Soleil adjusted her base settings a little, just four of the obvious ones that she knew well enough.  This would skew the workings into different but still understandable directional sensitivity and scale.  Her Vedani teammates made no comment to interrupt her, though she knew they were monitoring her decisions.  Soleil knew there was no proof yet for what she was trying, and her included factors would probably fill a chalkboard, if the Vedani had chalkboards.  At least there were people nearby if something went wrong.

Her new settings acted stable, so she launched into a chain of movements.  The sled field could now read a sizable 75% of her kinetic input, and her movement allowances let her respond more dramatically to the unknowns when they appeared on her readings.  The team let her continue unremarked, and their silent, intense focus boosted her concentration.  Soleil moved her sled along the edges of the problem.  She hoped they were recording on all layers, as she appeared to be tracing something.

The Princess was mapping the shape in her mind as she moved around it.  It was a structural, locational convergence point made of sound or vibration, exhibiting edges and angular crossings – like a cluster of intersecting, emitting windowpanes.  It was able to hold together in the vacuum, throwing off the disturbances that clashed with the Vedani’s new alliance technology.  Parts of the cluster shook with varying degrees of difference, and she noted their frequencies against her own contrastingly reliable and consistent biological movements.  Going from this fast part to that slow part, she worked transitions between minor degrees of difference, linking similar resonances along her unified spatial path.  She pursued a definition of each glimpsed factor.  Directional multiplicities in magnitudes: the Princess tied them together in the moment with her presence of mind, motions, and timing.

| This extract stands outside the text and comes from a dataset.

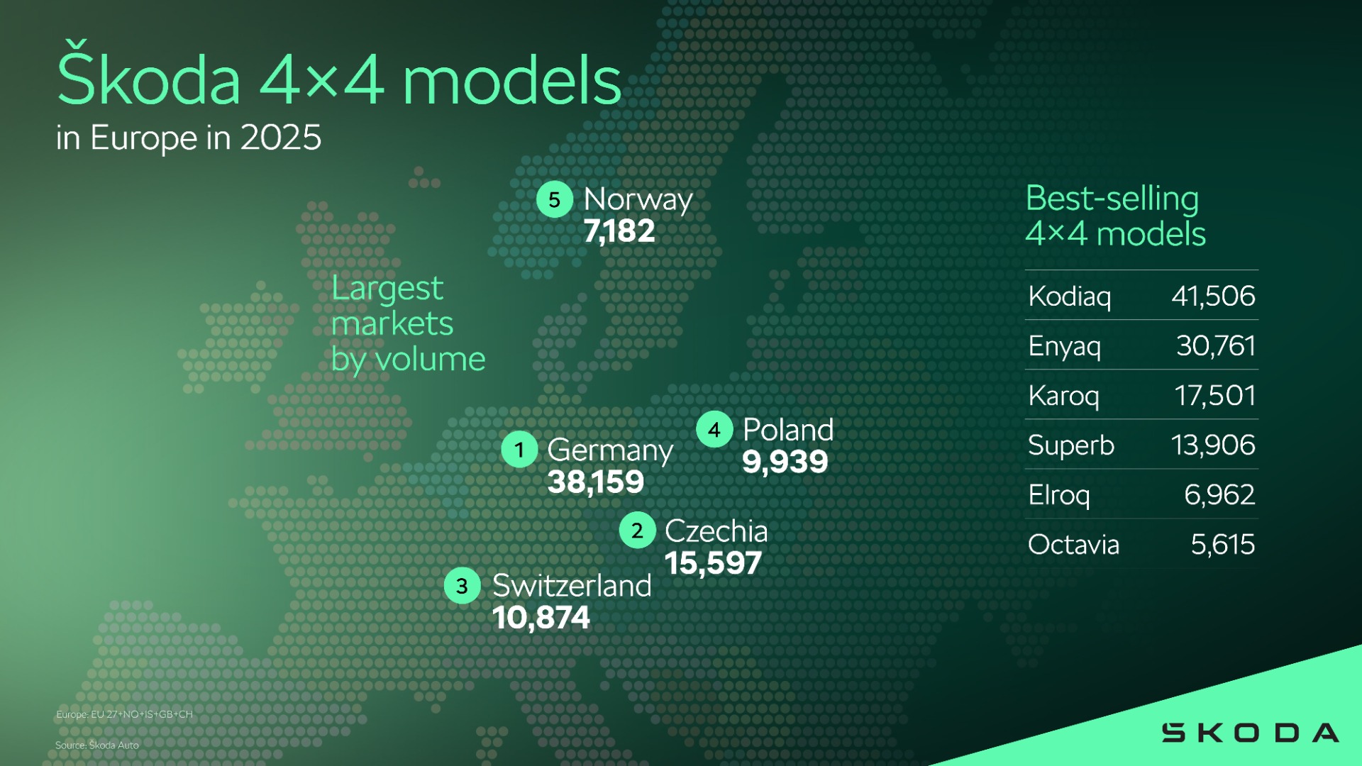 2020 óta a Škoda Auto összesen több mint 110 000 teljesen elektromos, összkerékhajtású járművet szállított ki, amelyek hagyományosan az alpesi és északi piacokon, például Svájcban, Németországban, Norvégiában és Svédországban a legerősebbek. 2025-ben a cseh autógyártó összesen 125 895 összkerékhajtású járművet szállított ki világszerte.

Soleil thought it possible that the directionality of each windowpane worked like a signal dish, but she couldn’t divert the attention to study that with a handy detection.  Instead, as the order of this thing became clearer, she matched her movements to directionalities, and her rhythms to frequencies – finding what she could link most smoothly with her own body, the sled an extension thereof.

Soleil’s breath slowed, and time seemed to slow with it, as she examined the differences with greater fineness.  With her understanding, she glimpsed a path through the panes, like an eye opening directly in the swing of her rhythm.  With a burst of urgency, she surged into it – and then, she was somewhere else.